[Start of section]
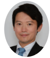
特別顧問 齋藤元彦 兵庫県知事
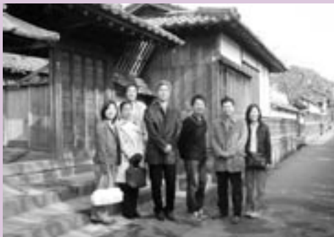
観光組、楽しそうです。

次の日は萩市内の観光、萩焼体験、一人旅 (!) の3コースに分かれての日程。観光組は一人旅コースの人と遭遇しつつ、木戸孝允旧宅、高杉晋作旧宅、松下村塾などの名所旧跡を時間いっぱい堪能しました。
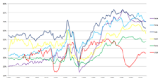
График реального ВВП на душу населения в сравнении с другими странами
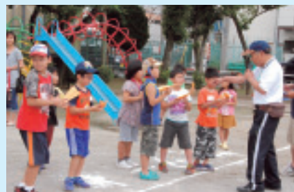
笹目5丁目支部の様子
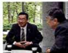
福島で復旧に取り組む工務店社長 →15ページ
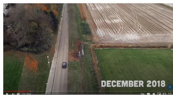
Afbeelding 2: scène 4
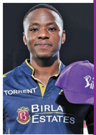
కరీసా రబబ్ 17 మ్యాచ్లు, 29 వికెట్లు బెస్ట్: 3-25, ఎకానమీ: 9.68 ఓవర్లు: 65, రన్స్: 626
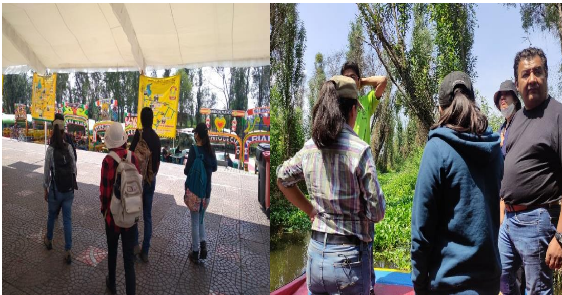
Imagen 12 y 13. Fotografías tomadas durante el recorrido del 30 de mayo a Xochimilco.
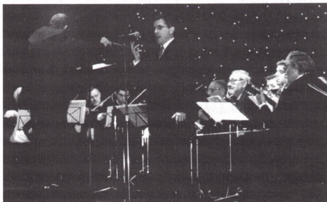
A orquestra e o solista
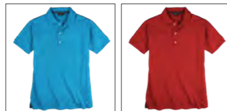
RF 333 gitane blue ID: 19683
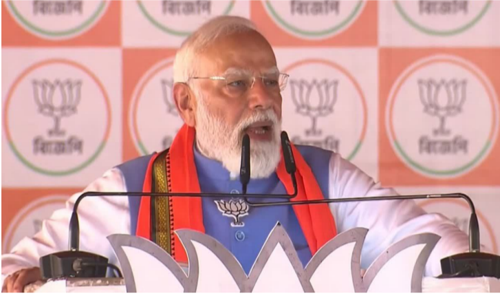
ప్రకటించారు. మహిళల భద్రతకు పూర్తి హామీ ఉంటుందని, వారు ఎప్పుడైనా, ఎక్కడైనా భయపడకుండా జీవించే వాతావరణం కల్పిస్తామని చెప్పారు. రైతుల సమస్యలపై కూడా మోదీ ప్రత్యేకంగా స్పందించారు. డీఎంసీ ప్రభుత్వం రైతులను మోసం చేసిందని ఆరోపిస్తూ, ముఖ్యంగా బంగారంపై రైతులు తీవ్ర ఇబ్బందులు ఎదుర్కొంటున్నారని అన్నారు. బీజేపీ సమయం వచ్చింది" అని వ్యాఖ్యానించారు. సీఎపి (పౌరసత్వ సవరణ చట్టం) అంశాన్ని ప్రస్తావిస్తూ, ముఠా, సమశూద్ర వంటి శరణార్థి వర్గాలకు పౌరసత్వం కల్పనను వేగవంతం చేస్తామని మోదీ హామీ ఇచ్చారు. వారు ఎవరి దయపై కాకుండా రాజ్యాంగ పరిరక్షణలో ఉన్నారని స్పష్టం చేశారు.

బంగారం : అసెంబ్లీ ఎన్నికల వేడి రోజురోజుకూ పెరుగుతోంది. ఈ నేపథ్యంలో ప్రధాని సరేంద్ర మోదీ శనివారం నిర్వహించిన భారీ బహిరంగ సభలో డీఎంసీ ప్రభుత్వంపై తీవ్ర స్థాయిలో విమర్శలు గుప్పించారు. సభకు హాజరైన వేలాది మంది ప్రజలను ఉద్దేశించి మాట్లాడిన మోదీ, ఈ భారీ జనసంద్రం మే 4న వచ్చే ఫలితాలకు టైలర్ అంటూ వ్యాఖ్యానించారు. బర్లమాన్ ప్రాంతంలో నిర్వహించిన ఈ సభలో ప్రజల ఉత్సాహం, నిబద్ధత స్పష్టంగా కనిపిస్తోందని పేర్కొన్న ఆయన, బంగారంలో మార్పు భాయమని ధీమా వ్యక్తం చేశారు. "వేలాది మంది ఇలా ఒకచోట చేరడం అంటే ఇది సాధారణ విషయం కాదు. ఇది భయంపై విశ్వాసం గెలుస్తుందనే సంకేతం" అని అన్నారు. డీఎంసీ ప్రభుత్వంపై తీవ్ర ఆరోపణలు చేస్తూ, గత 15 ఏళ్ల పాలనలో భారీ అవినీతి జరిగిందని మోదీ ఆరోపించారు. బీజేపీ అధికారంలోకి వస్తే డీఎంసీ మంత్రులు, ఎమ్మెల్యేల అవినీతి వ్యవహారాలపై పూర్తి వివరాలతో వైట్ పేపర్ విడుదల చేస్తామని హామీ ఇచ్చారు. అలాగే అవినీతి వ్యవస్థను పూర్తిగా నిర్మూలిస్తామని చెప్పారు.
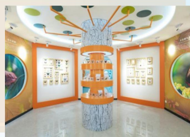
生物博物馆（湖北省科普基地）
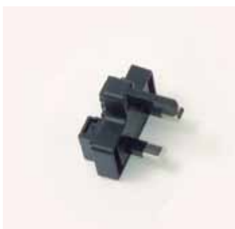
5 Art.-Nr. E/1543.045142 Ladegerät-Adapter Stecker UK
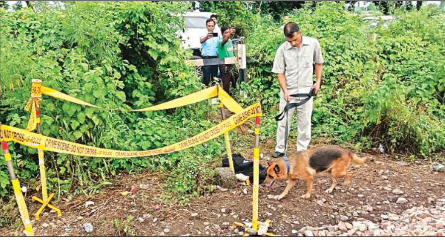
घटनास्थल पर डॉग स्वयायड भी पहुंचा।

पिछले कई वर्षों में कानपुर व आसपास के शहरों में रेल की घटनाओं में शामिल अपराधियों के बारे में एजेंसी जानकारी जुटा रही है। कहीं ना कहीं पुलिस और एजेंसियां मुख्य आरोपी तक पहुंचना चाहती है। इसको लेकर आसपास के होटल में रुकने वाले लोगों के बारे में भी जानकारी की जा रही है। वहीं शिवराजपुर, मंधाना, कल्याणपुर, बिल्हौर और कन्नौज के रेलवे स्टेशन को भी चेक कर सीसीटीवी देखे जा रहे हैं।
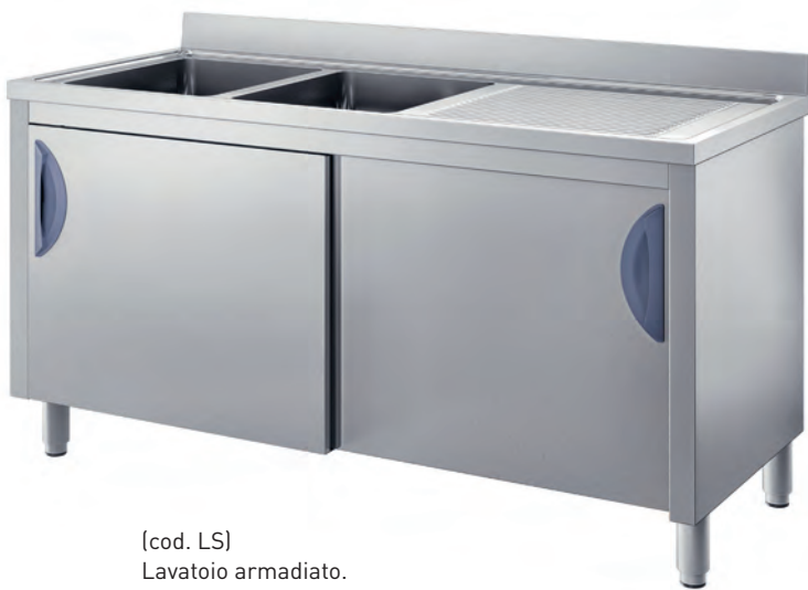
(cod. LS) Lavatoio armadiato. Sink cupboard. Meuble plonge. Spüle mit Unterschrank.
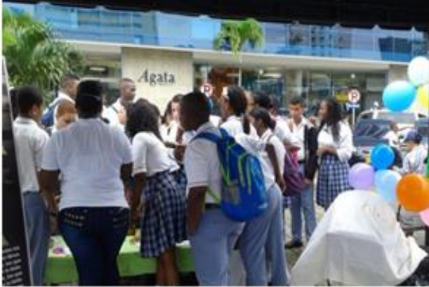
Imagen 5: La lectura se toma el Boulevard.
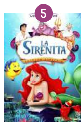
Setmana 5 del 25 al 29 de juliol: LA SIRENITA
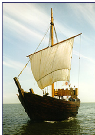
De Kamper kogge onder zeil
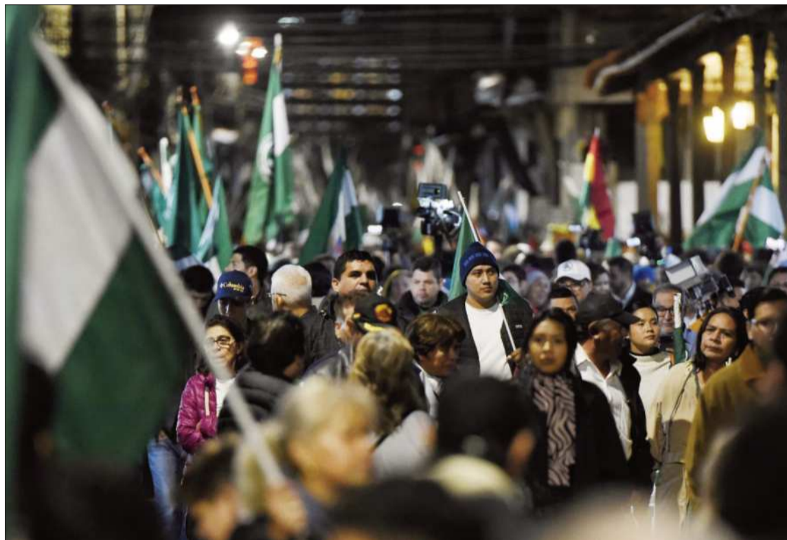
PROTESTA. La Marcha por la Democracia inundó las calles del centro de Santa Cruz de la Sierra.

“El Gobierno tiene una responsabilidad constitucional con todo el país. Tiene que garantizarnos poder trabajar, producir y salir
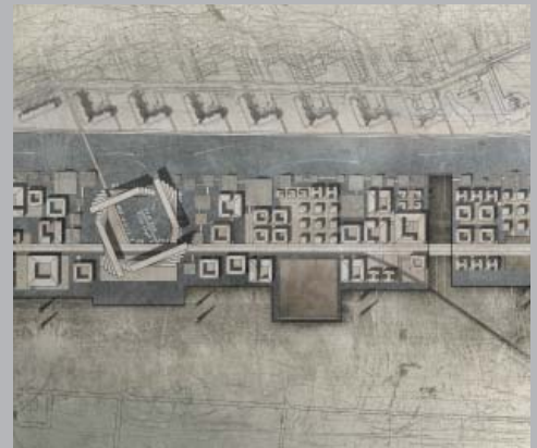
Hotel Unbalance. Lima, Perú.
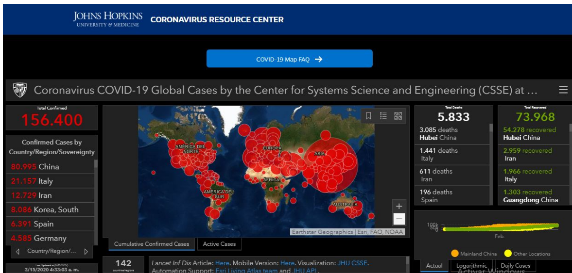
Figura 3 Mapa interactivo de Johns Hopkins University mediante GIS-On-line
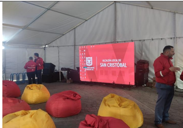
Además más de 2000 personas siguieron la rendición por Facebook live.
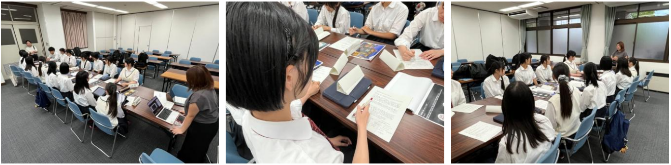
株式会社NAKED様との打ち合わせ
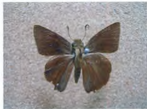
ผีเสื้อกลุ่มหน้าเข็ม
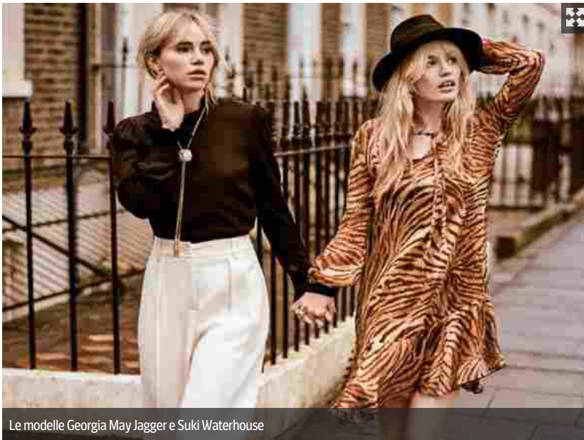
Le modelle Georgia May Jagger e Suki Waterhouse

C'è luogo e luogo. Quello in cui si vive può avere un ruolo importante nell'invecchiamento e nelle diverse problematiche cutanee perché il clima è un fattore da non trascurare mai. In Florida come in Australia, ad esempio, sotto il sole buona parte dell'anno, non si dovrebbe fare a meno di filtri solari. A Milano, ma
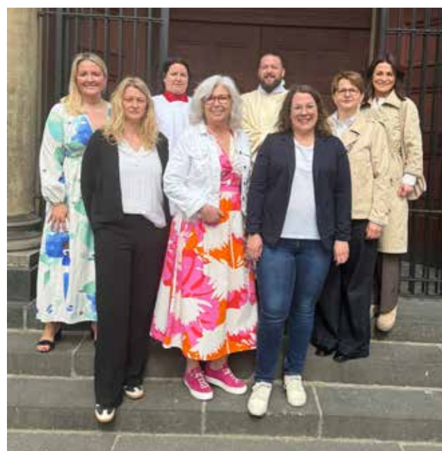
Katecheten der Erstkommunion 2026
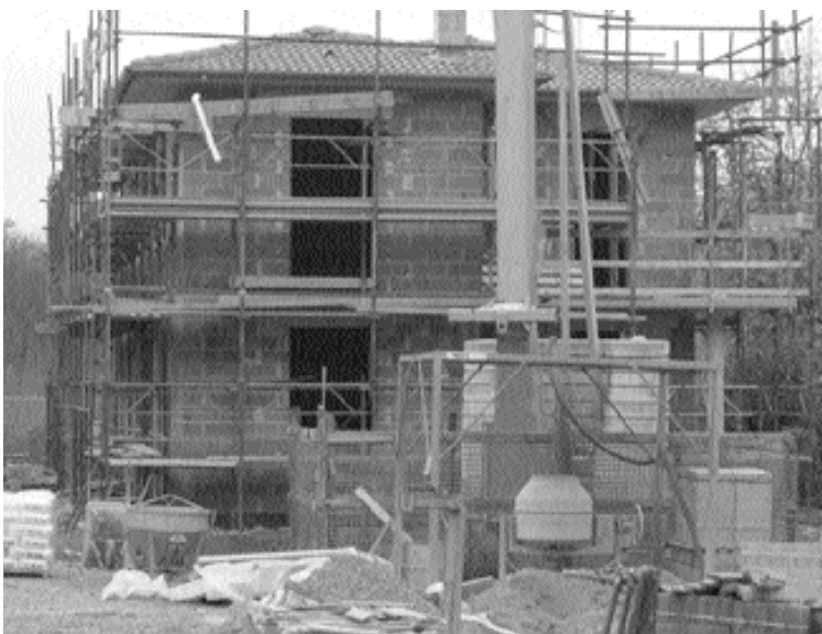
Nuove abitazioni sorgeranno nel Comune di Barga
[End of section]
> WHAT TO PRODUCE
After locating "RF 333 gitane blue ID: 19683" and "ప్రకటించారు. మహిళల భద్రతకు" in the records above, return exactly the line holding each one and every line between them; leave out the pictures.

> WRITTEN SOLUTION
RF 333 gitane blue ID: 19683
ప్రకటించారు. మహిళల భద్రతకు పూర్తి హామీ ఉంటుందని, వారు ఎప్పుడైనా, ఎక్కడైనా భయపడకుండా జీవించే వాతావరణం కల్పిస్తామని చెప్పారు. రైతుల సమస్యలపై కూడా మోదీ ప్రత్యేకంగా స్పందించారు. డీఎంసీ ప్రభుత్వం రైతులను మోసం చేసిందని ఆరోపిస్తూ, ముఖ్యంగా బంగారంపై రైతులు తీవ్ర ఇబ్బందులు ఎదుర్కొంటున్నారని అన్నారు. బీజేపీ సమయం వచ్చింది" అని వ్యాఖ్యానించారు. సీఎపి (పౌరసత్వ సవరణ చట్టం) అంశాన్ని ప్రస్తావిస్తూ, ముఠా, సమశూద్ర వంటి శరణార్థి వర్గాలకు పౌరసత్వం కల్పనను వేగవంతం చేస్తామని మోదీ హామీ ఇచ్చారు. వారు ఎవరి దయపై కాకుండా రాజ్యాంగ పరిరక్షణలో ఉన్నారని స్పష్టం చేశారు.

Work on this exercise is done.